Systems with automatic defect recognition
R&D team of ATG Group develops own ADR (Automatic Defect Recognition) systems for automatic ilumination, capture, and indication (defect) detection and classification for methods VT, MT and PT. These ADR systems are delivered on customer ́s request also with manipulation including bin picking.
iVT systems allow detection of what a human operator may see and recognize, which usually includes wrong signatures of parts, scratches, pressure marks, corrosion, porosity, non-wrought parts or burnouts, cracks, wrong dimensions, wrong assembly, presence of foreign objects etc..
iMT and iPT systems allow assessment of presence, type, position and size of indications, which is a challenge itself due to complexity of shape, background level and other. ATG Group resolved this problem thanks to long-time experience in NDT of its staff that was reflected during implementation with modern and unique hardware and software (deep learning).
Registration level of main indication or defect dimensions typically reaching 0.1mm, but is further conditioned by the surface roughness.
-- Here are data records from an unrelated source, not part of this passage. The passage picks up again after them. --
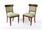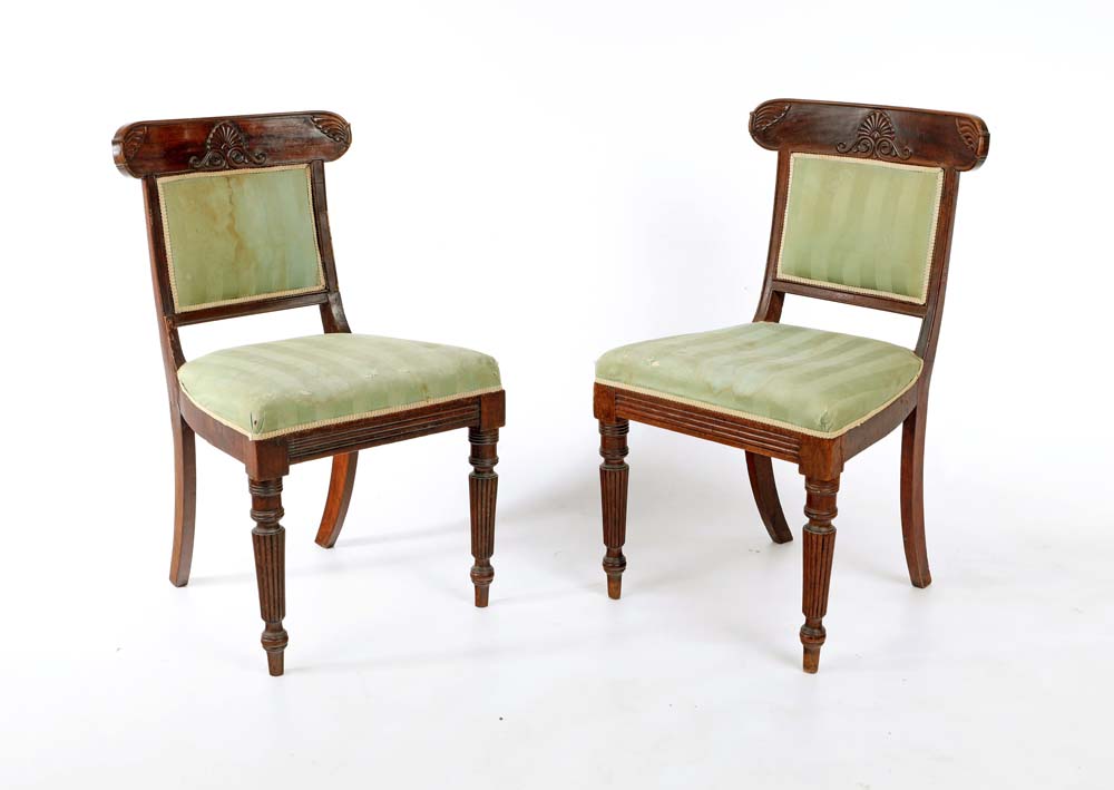 Coppia di sedie in mogano, Inghilterra, seconda metà del XIX secolo spalliera decorata da rilievi vegetali in forma di palmetta centrale ed esili racemi laterali; sedili imbottiti rivestiti in tessuto verde, gambe anteriori con attacchi torniti, percorse da nervature; posteriori a sciabola cm 87x48x43 Famiglia Imperiali, Roma, discendenti di Paolo Camillo Thaon di Revel e di Sant'Andrea, Duca del Mare, Torino
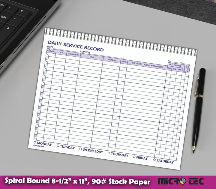 Daily Car Service Record Book – 8.5" x 11" Spiral Bound Auto Service Log – Blue Ink Durable 90# Paper – Automotive Service & Repair Tracking – Dealership Workshop Record - 100 Pages/Book
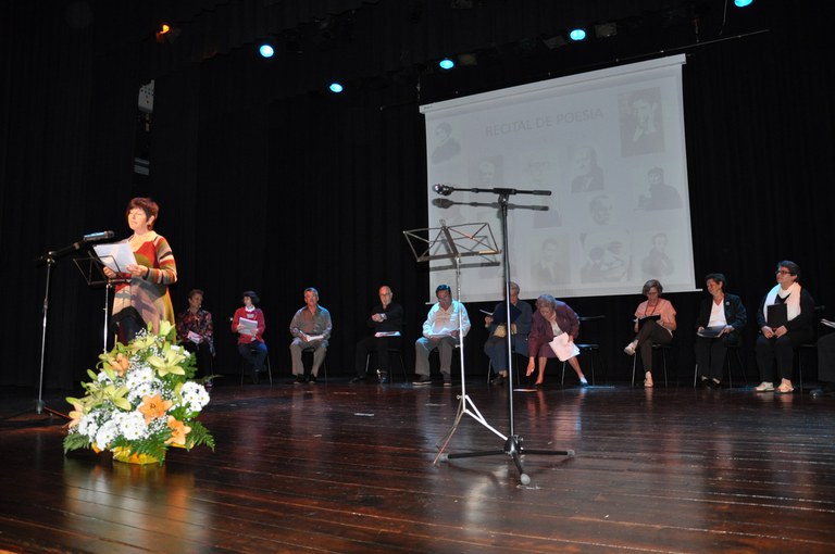 El taller de poesia de l'Escola d'Adults Jaume Tuset va oferir al Teatre Auditori un recital polètica dels autors més destacats de la història de la poesia nacional i internacional. Lorca, Machado, Benedetti i, especialment, Salvador Espriu van ser alguns dels poetes escollits.

Evaluation speed is always same or better than by human operators (especially on larger areas the ADR systems provide significant advantage).
Systems are therefore able to replace the human operators for testing of parts´ quality and may reach more productive results than human operators.
In all cases the cooperation with customers is a key, especially important is provision of sufficient number of representative samples that allows precise indication or defect recognition via deep learning process.
Complexity
Complexity increases with complexity of parts and complexity of its surface and roughness. For that reason the suitable candidates for automation with ADR are mass produced parts with higher surface quality, where the expenses associated with deep learning process and cost of equipment are lower and thus the return on investment may be reached sooner.
Return on investment is usually in the range from 1 to 3 years depending on the testing actions to be performed on the given part, labor cost in the area of installation and also current productivity of existing processes.